Puritan Work-Ethic, How I Loathe Thee
Most video games are a rip-off.
Nearly every video game since "tank pong" has buried its best content behind layers of work. Unlike any other retail product I can think of, when you buy a video game, the chances that you will actually get what you paid for are infinitesimal. I can't think of a single game I've played where I am confident that I've seen every single level; unveiled every coveted secret; unlocked every whatsit and pretty and soundtrack left like kipple by the designers in the dark corners of the code.
I bought it. I want my game.
When I buy a book, the only thing that stands in the way of completing it is the page count. And I know the page count going in. I can read the last chapter standing in the bookstore. If I find Chapter 56 too cumbersome, I can skip it entirely and move on to the better parts of Moby Dick (there are better parts, trust me).

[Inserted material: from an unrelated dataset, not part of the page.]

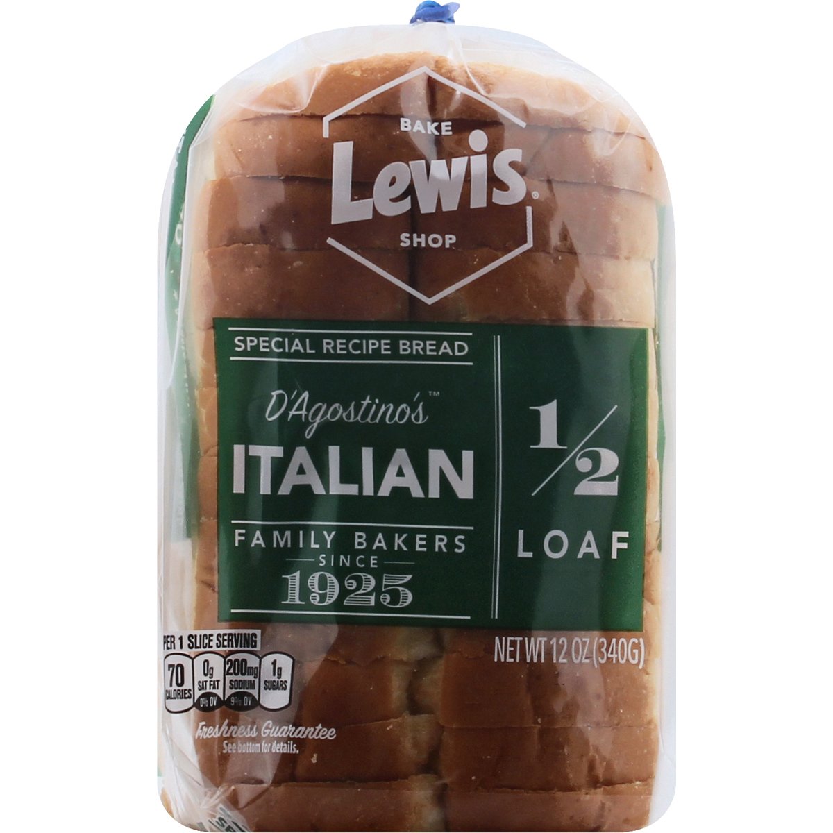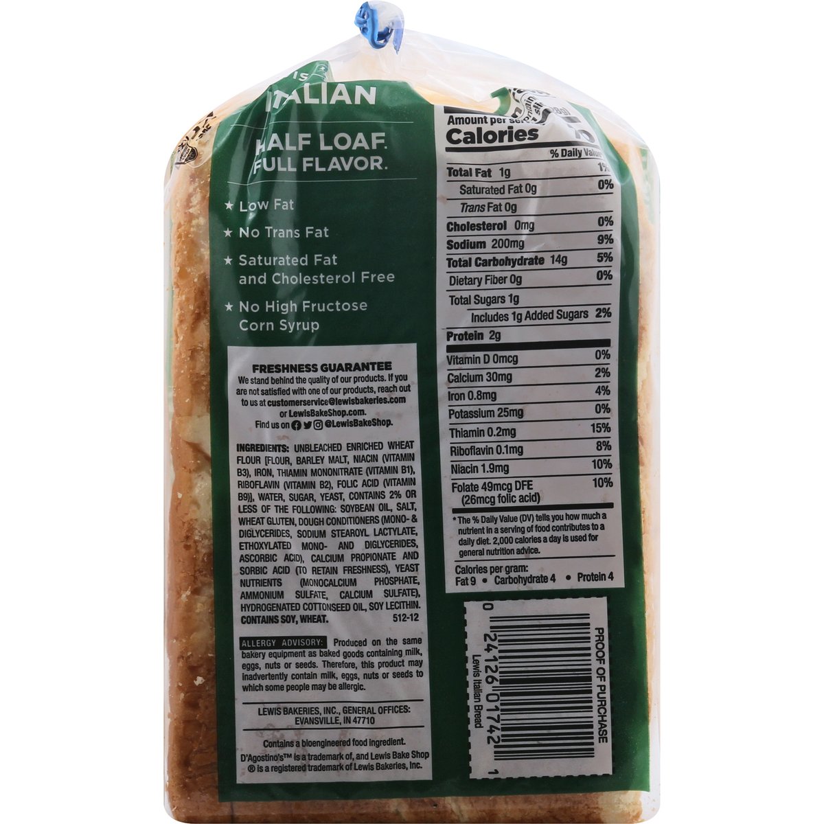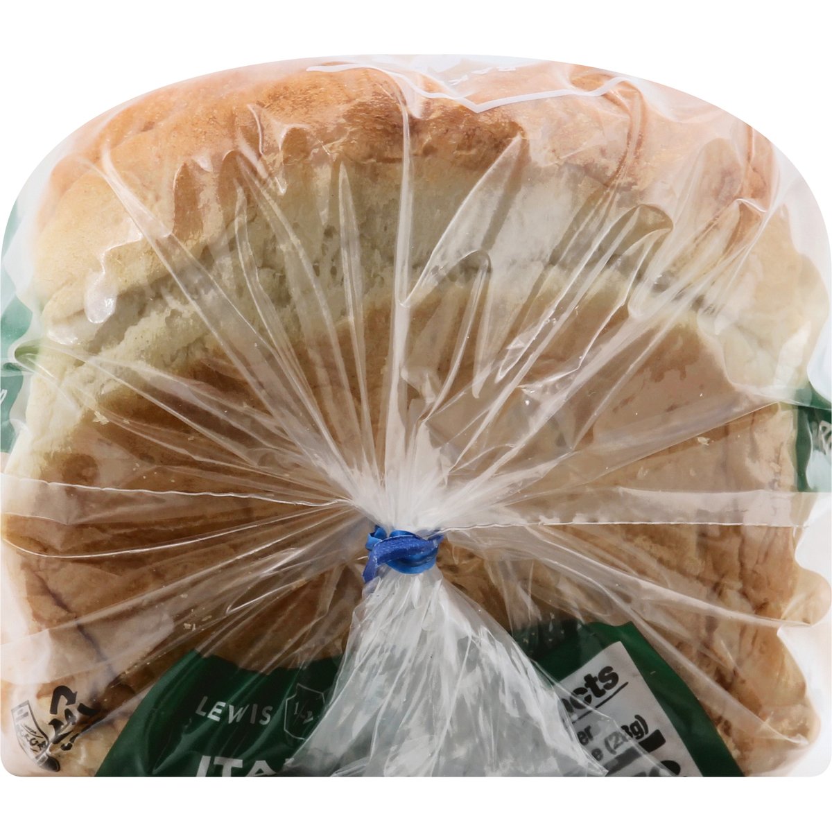Per 1 Slice Serving: 70 calories; 0 g sat fat (0% DV); 200 mg sodium (9% DV); 1 g sugars. Low fat. No trans fat. Saturated fat and cholesterol free. Contains a bioengineered food ingredient. Special recipe bread. Family bakers since 1925. A taste of Italy. No high fructose corn syrup. Half loaf. Full flavor. Freshness guarantee. We stand behind the quality of our products. If you are not satisfied with one of our products, reach out to us at customerservice(at)lewisbakeries.com or LewisBakeShop.com. LewisBakeShop.com. Find us on Facebook; Twitter; Instagram: (at)LewisBakeShop. BCTGM: Bakery Confectionery Tobacco Workers & Grain Millers union made. AFL CIO CLC.
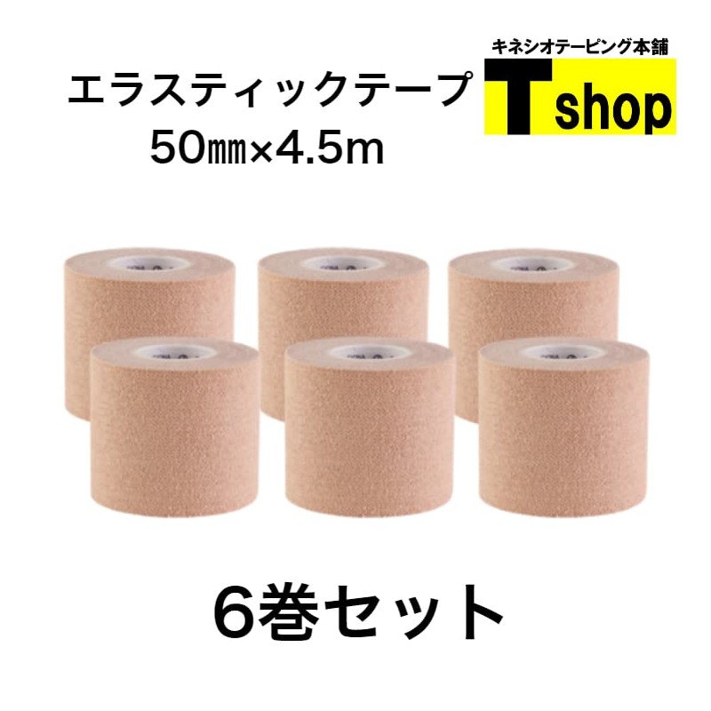 Wapex Elastic Tape Ideal for Securing Joints, Taping, Width 2.0 inches (50 mm) x Length 1.7 ft (4.5 m) (6 Rolls), Beige

Sometime about 10 years ago, we started measuring video games in terms of "hours". A game that gave you 5 hours of gameplay was somehow a ripoff. A game that proffered 100 was some kind of opus. But the reality is that most gamers play a small fraction of even those 5 hours. Let's face it, a lot of games suck. I buy the game. I play it for an hour or two. I see the pretty. I hear the boom. I go "cool" at the twist or the plot or the theme that made me want to buy it in the first place. Then back it goes into the GameSpot "used" bin.
Some genres are bigger offenders, bigger overall ripoffs, than others.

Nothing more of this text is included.